In his recent Ted Talk, How to get better at the things you care about, Eduardo Briceño, the leader of Mindset Works, explores the two key different zones in our professional and personal lives which we can utilise to achieve our potential: the Performance Zone and the Learning Zone. Briceño explains that our lives are so busy – especially our working lives – that we can be constantly in the Performance Zone and do not give enough time to our Learning Zone.
Whatever the job or task, we want to achieve our best when we are “performing” – whether this is teaching, doing a presentation, writing a report, leading a sales pitch, completing a project, or even neurosurgery. We need to be confident in our knowledge and abilities so that we can deliver our best in such a high stakes environment.
Therefore, as Briceño explains, we need to dedicate space and time in our lives – and on our Life List – for The Learning Zone when we can develop our expertise, skills and experience, and be able to make mistakes to learn from in a low stakes environment.
The key strategies of an effective Learning Zone are:
Have a growth mind set – believe that you will improve and changing your behaviour to improve: As you have learned on our Peak Performance and Leadership courses, the key to improvement and achieving potential starts with changing our core beliefs and behaviour.

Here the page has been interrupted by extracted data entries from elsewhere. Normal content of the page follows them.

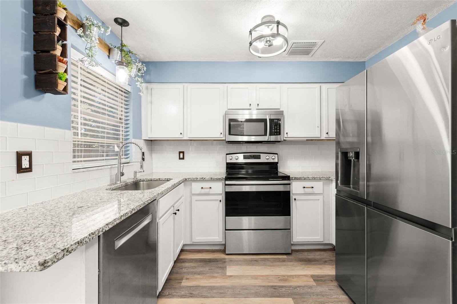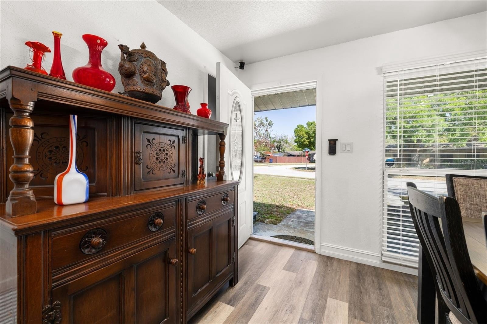 Don’t miss out on this charming and beautifully updated 3-bedroom, 1.5-bath home, perfectly positioned on a desirable corner lot. Featuring an OPEN FLOOR PLAN and modern touches throughout offering both comfort and style. The spacious kitchen boasts sleek GRANITE COUNTERTOPS, stainless steel appliances, and ample cabinetry for storage. LUXURY VINYL PLANK FLOORING extends through the dining room, living room, kitchen, and hallways, combining durability with elegance. The cozy living room is anchored by a STAND ALONE WOOD BURNING FIREPLACE, complemented by built-in shelves and a vintage exposed brick accent wall that add character and warmth. The primary bathroom has been tastefully updated with a contemporary feel, while upgraded lighting in the dining area creates a stylish ambiance. Step outside to a completely FENCED BACKYARD designed for privacy and endless possibilities. Enjoy relaxing or entertaining on the large SCREENED LANAI, gather around the FIRE PIT, or create your own garden oasis—whether flower, vegetable, or even a pool. A versatile ATTACHED SHED provides flexible storage options, household items, or a workshop. The front yard features a charming loquat tree, adding natural beauty and charm to the property. Additional features include an EXTRA WIDE DRIVEWAY for ample parking. Newer Roof from FEBRUARY 2018. Newer A/C from AUGUST 2019 and hot water heater from APRIL 2020. Primary bathroom is half bathroom. Located near popular restaurants, shopping, health clubs, and medical facilities, with easy access to highways 408, 429, and the Florida Turnpike, commuting is a breeze. Whether you're seeking a move-in-ready home or a space to personalize, this property offers the perfect blend of comfort, convenience, and potential. Don’t wait—schedule your showing today before this solid gem is gone!
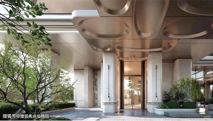 顶豪的仪式感,从入口的“千年树阵”便已然开启。项目大门口两侧种植4棵从西班牙进口的油橄榄树,属于世界五大活化石树种,树龄合计超1000岁,单棵价值数百万,仪式感远超常规名贵树种。
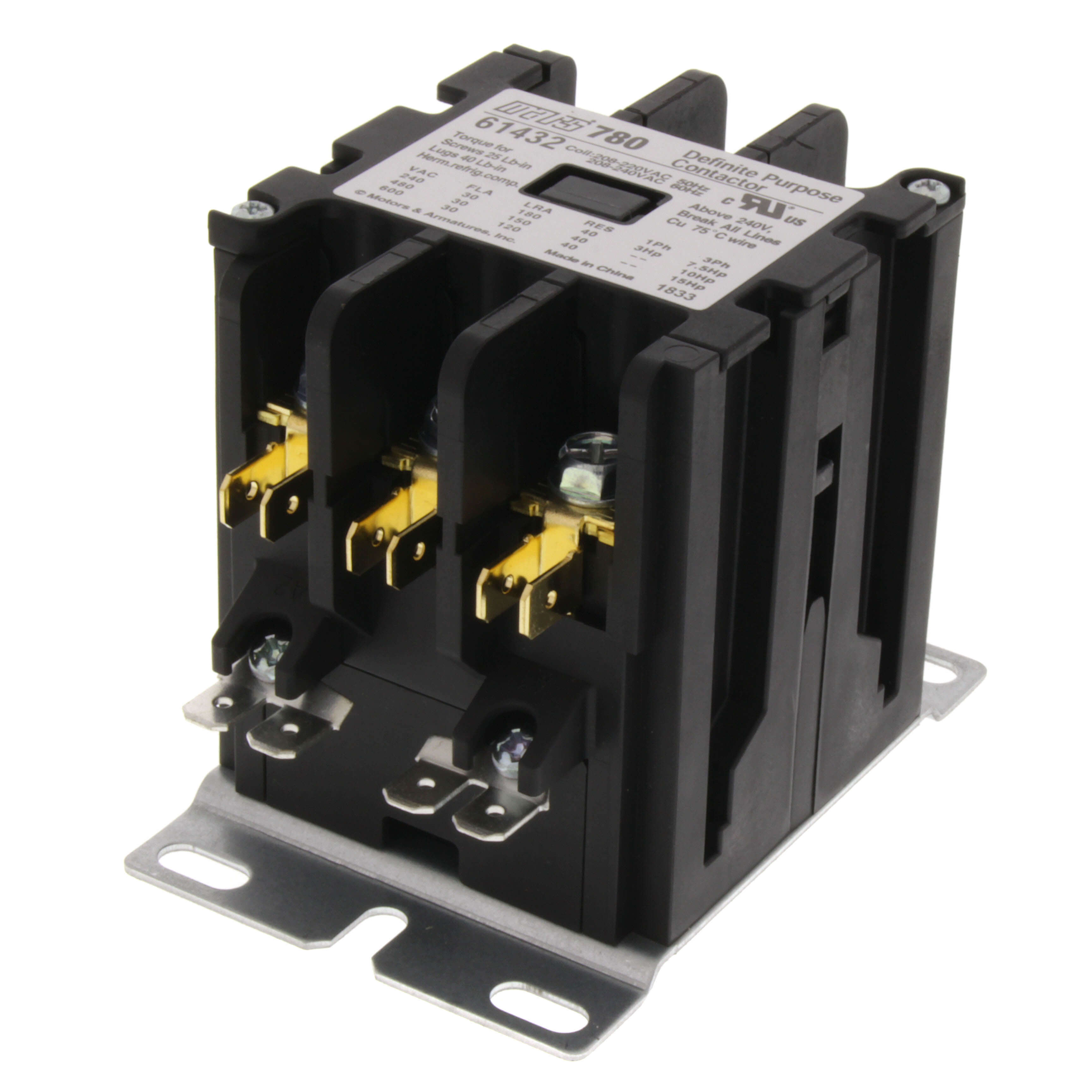 The MARS 30A 3-Pole Contactor with Screw Type Termination is designed for secure electrical connection and usage in demanding applications. With a coil voltage of 208 to 240 volts and a full load current of 30 amperes inductive, this contactor suits various electrical control needs.

Briceño’s co-founder at Mindset Works, leading psychologist Carol Dweck and her research team, discovered that people with a strong growth mindset are more successful in learning and changing their behaviour than individuals who have a fixed mindset. In her Ted Talk, The Power of Believing You Can Improve, Dweck illustrates the research with the neurological results that dendrites are created and strengthened in the brains of individuals with a strong mindset.

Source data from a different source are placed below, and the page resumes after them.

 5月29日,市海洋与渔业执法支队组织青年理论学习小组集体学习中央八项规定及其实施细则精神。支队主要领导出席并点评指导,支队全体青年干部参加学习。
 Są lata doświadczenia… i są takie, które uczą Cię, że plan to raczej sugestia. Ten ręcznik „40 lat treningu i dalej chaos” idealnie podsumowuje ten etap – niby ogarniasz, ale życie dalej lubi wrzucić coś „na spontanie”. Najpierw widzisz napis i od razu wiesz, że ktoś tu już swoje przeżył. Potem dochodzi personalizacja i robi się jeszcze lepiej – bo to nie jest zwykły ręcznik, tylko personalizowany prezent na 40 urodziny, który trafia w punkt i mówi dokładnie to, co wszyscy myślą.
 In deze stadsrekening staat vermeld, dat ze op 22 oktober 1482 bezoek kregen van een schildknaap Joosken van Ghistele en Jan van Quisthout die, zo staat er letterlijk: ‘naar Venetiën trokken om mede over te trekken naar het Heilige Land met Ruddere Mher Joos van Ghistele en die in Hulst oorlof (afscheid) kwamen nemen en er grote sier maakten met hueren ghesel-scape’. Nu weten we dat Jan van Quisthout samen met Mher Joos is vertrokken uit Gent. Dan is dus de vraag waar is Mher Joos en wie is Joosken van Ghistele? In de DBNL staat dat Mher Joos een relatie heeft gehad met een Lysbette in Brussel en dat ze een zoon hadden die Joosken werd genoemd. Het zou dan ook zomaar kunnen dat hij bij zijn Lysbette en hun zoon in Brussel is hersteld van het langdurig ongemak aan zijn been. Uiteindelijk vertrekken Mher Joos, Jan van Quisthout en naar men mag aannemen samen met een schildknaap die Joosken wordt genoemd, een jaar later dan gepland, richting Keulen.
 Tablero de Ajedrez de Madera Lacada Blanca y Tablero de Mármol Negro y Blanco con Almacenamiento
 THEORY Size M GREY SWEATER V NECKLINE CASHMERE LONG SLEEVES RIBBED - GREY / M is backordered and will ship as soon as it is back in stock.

Deliberate Practice: Dr Anders Ericsson from Florida State University has pursued many years of research into the correlation between Deliberate Practice and success. (Malcolm Gladwell’s 10,000 hours is based on Ericsson’s research). This includes determined practice of a skill outside our comfort zone, reviewing and gaining feedback from a coach or mentor. Eriksson explains that the most successful individuals in an area of expertise do not just practise what they CAN do, but challenge themselves on practising the skills they have not yet mastered.
By visualising the achievement of a goal successfully – being the best we can be, we are again building and strengthening our dendrites. Research has proved our brain’s connections are strengthened just the same through visualising an experience as actually participating in the experience.

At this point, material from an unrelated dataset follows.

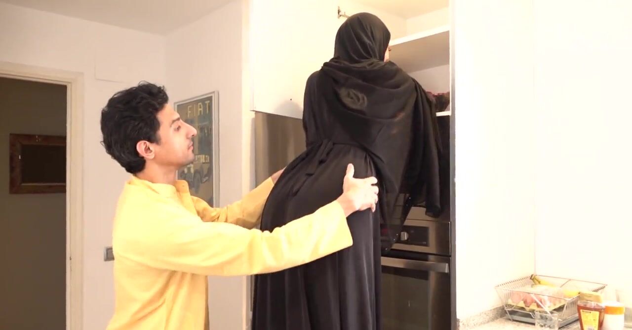 «Зрелая соседка мусульманка кажется очень развратной женщиной. Почему-то от неё так и веет сексом, хотя она носит черный хиджаб, который прикрывает всё её тело. Индийский чувак не ошибся, эта милфа всё-таки оказалась похотливой сучкой. Он смог развести её на секс на кухне и задрал черное одеяние дамочки, лаская её большую попку. А потом самец поставил милфу раком и принялся жарко трахать её в пизду.»
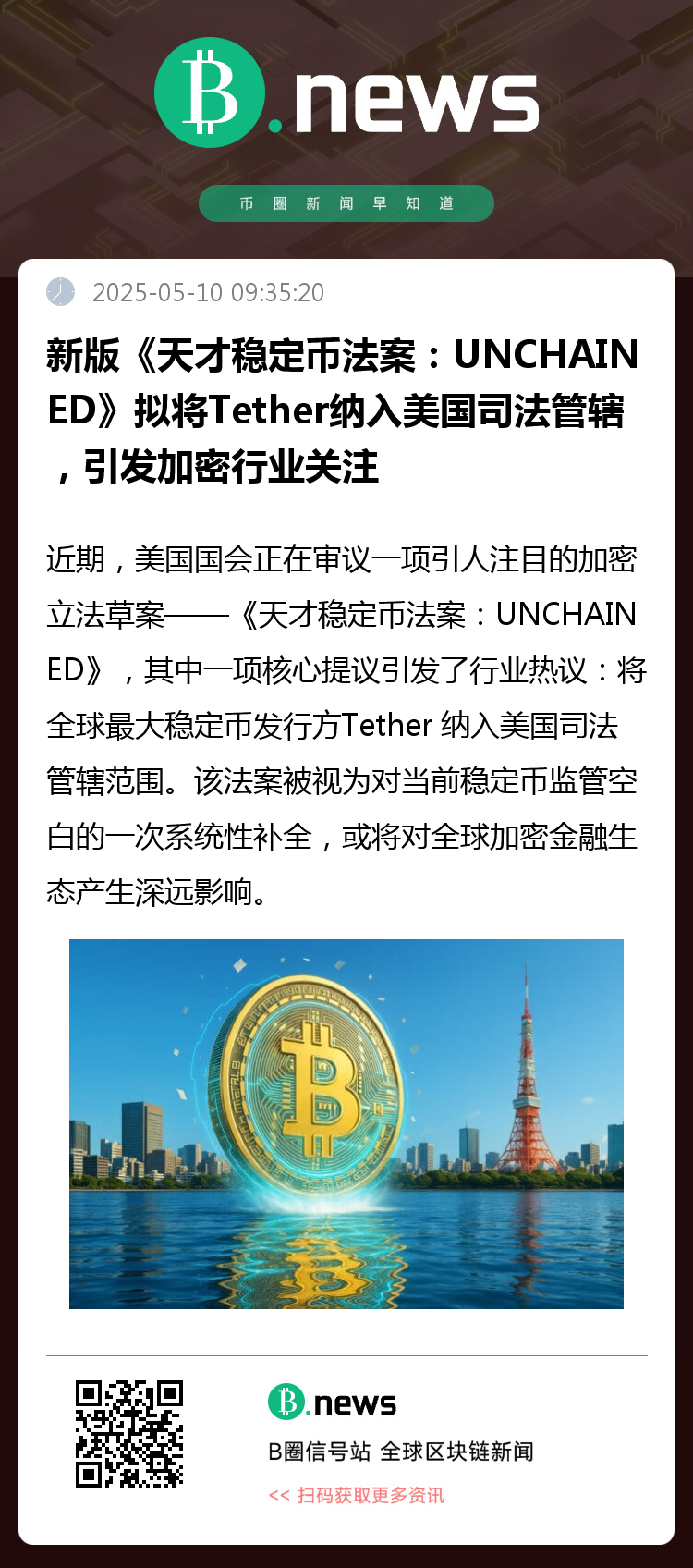 近期,美国国会正在审议一项引人注目的加密立法草案——《天才稳定币法案:UNCHAINED》(The Genius Stablecoin Act: UNCHAINED),其中一项核心提议引发了行业热议:将全球最大稳定币发行方 Tether 纳入美国司法管辖范围。该法案被视为对当前稳定币监管空白的一次系统性补全,或将对全球加密金融生态产生深远影响。

So deliberate practice – and visualising the practice equals success.
Learning from Role Models: Our Advance Leadership programmes explore the importance of learning from role models who are performing at their best in any given expertise – by observing, learning, being mentored, practising and gaining the valuable feedback, we can learn skills and knowledge which can enable our own performances. We can also learn which behaviours that may not work for our personalities so we can discard them.
Being in the Learning Zone enables us to step out of our comfort zone and practise new skills; it gives us time to evaluate and learn from “failures” in a low stakes environment so that we can perform at our best in any high stakes environment – when it really matters.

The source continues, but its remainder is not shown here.